| Description of the task |
Would you please transcribe the listing exactly, with no images?

| Information provided |
-.-.-
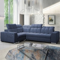 Narożnik z funkcją spania Luigi II niebieski lewostronny komfort podczas codziennego wypoczynku narożnik z pojemnikiem na pościel
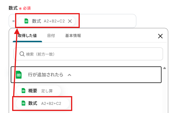 「数式」は、入力欄をクリックして表示されるアウトプット(取得した値)から選択してください。
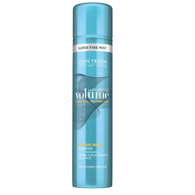 - El toque final — un ligero rocío con John Frieda Luxurious Volume All-Day Hold Hairspray — agregó brillo y fijó el look para evitar que se aplastara.
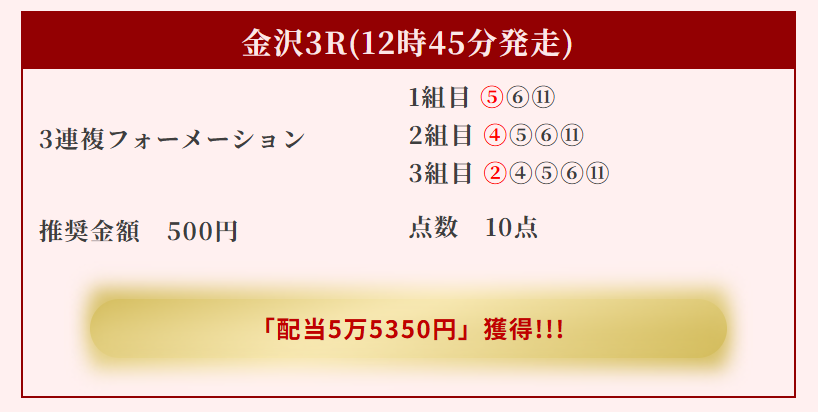 金沢3R予想、3連複フォーメーション買い目10点予想
-.-.-
| Exercise solution |
 Narożnik z funkcją spania Luigi II niebieski lewostronny komfort podczas codziennego wypoczynku narożnik z pojemnikiem na pościel
 「数式」は、入力欄をクリックして表示されるアウトプット(取得した値)から選択してください。
 - El toque final — un ligero rocío con John Frieda Luxurious Volume All-Day Hold Hairspray — agregó brillo y fijó el look para evitar que se aplastara.
 金沢3R予想、3連複フォーメーション買い目10点予想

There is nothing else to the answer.